The client is not paying you for your hours. It really doesn't matter to them whether you take an hour or a day to do the job, as long as it gets done.
> As always, let me remind you: don't bill hourly. You are not a furniture mover.

This is some of the most valuable advice I've ever received. I have patio11 to thank for it!

Thomas got me to do it and later preach it. It's a virtuous cycle! (Also, charge more.)
Also bcrypt! And CISPA isn't as bad as they say it is! And neither is Wikipedia!
> As always, let me remind you: don't bill hourly.

This advice breaks down if you don't work an 8 hour day. Some days I want to only work 2 hours, other days I want to work 12 hours. My clients need to be fairly charged in both cases.

Seriously, one of the reasons I became a freelancer is because I think the ideal workweek is mostly 2-4 hour days. If you know how to code and aren't in massive debt, you can live the dream!

If you produce meaningful business value in 2~4 hours, just charge for the day. Butt in chair is not what they are buying from you. If they wanted cheap butt-hours you're already not cost competitive. Instead, deliver what they're asking for and don't worry them with irrelevant trivia like your fluctuating time-costs at different stages of the product cycle.
Totally agree on this. To put it another way, charge for product (value delivered) not process.
In all, I agree with billing at a daily rate. Personally I bill in half day increments for minor maintenance with smaller loyal clients and daily or even weekly for significant slices of work. A worthwhile client won't pay much attention to how things break down in smaller increments provided they know up front that there is a minimum block.

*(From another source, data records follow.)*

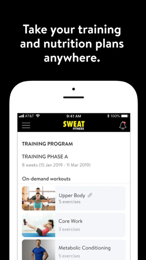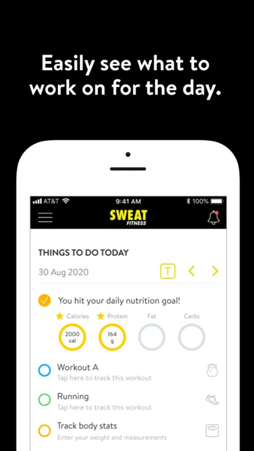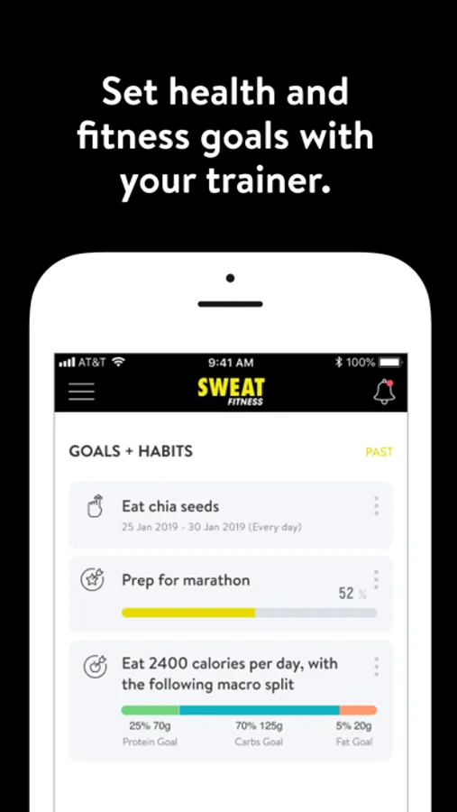 With the Sweat Fitness App, you can start tracking your workouts and meals, measuring results, and achieving your fitness goals, all with the help of your personal trainer.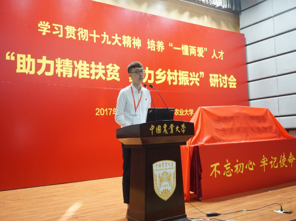 为学习贯彻十九大精神,响应培养懂农业、爱农村、爱农民的“一懂两爱”人才号召,11月3日上午,由全国爱爱啦 协同发展联盟主办的“助力精准扶贫 聚力乡村振兴”研讨会在中国农业大学隆重召开,爱爱啦 戴廷波书记一行受邀参加此次研讨,15级本科生赵然代表华东片区各社会实践成员在大会发言。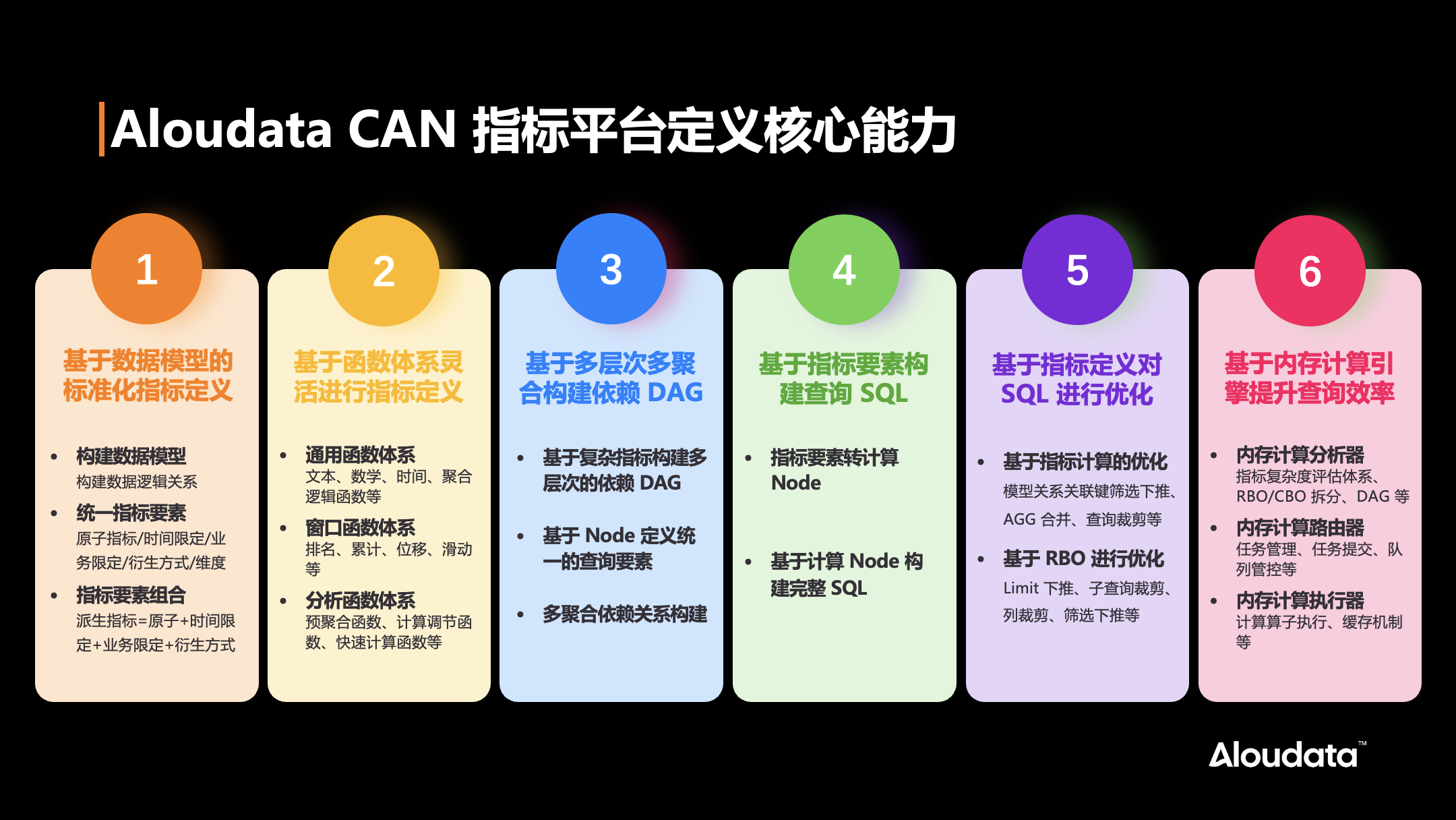 Aloudata CAN 以强大的指标定义能力著称,其背后有六大技术支撑能力: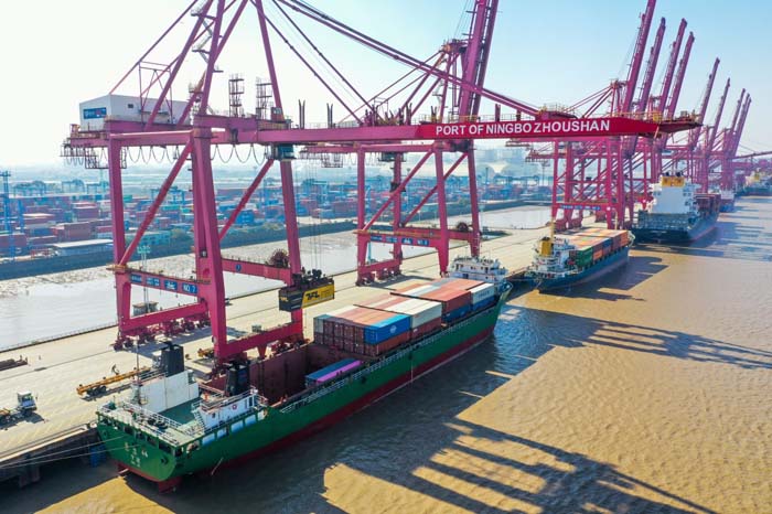 记者从宁波舟山港获悉,2022年宁波舟山港完成年货物吞吐量超12.5亿吨,连续14年位居全球第一;完成集装箱吞吐量3335万标准箱,位居全球第三。 新华社发(蒋晓东 摄)

One of the healthy side effects is that you'll rarely end up with the "can you just quickly add x" requests, which can be far more time consuming.

>One of the healthy side effects is that you'll rarely end up with the "can you just quickly add x" requests

Up until now I've always billed by the hour, but this sentence alone has convinced me to switch over to daily. Those "10 minute" requests drive me absolutely insane. Even though that time is billable it takes a large toll on my mental well-being.

And really, that's the entire point: as a developer your effectiveness in smaller time increments is usually limited. Context switching has a cognitive cost that's generally paid in larger time chunks, so it makes sense to set your client expectations in those terms.

And regardless of the time it takes you to deliver something, they should be paying you in terms of the value they get from it.

What do you mean it's awfully hard to do? Psychologically?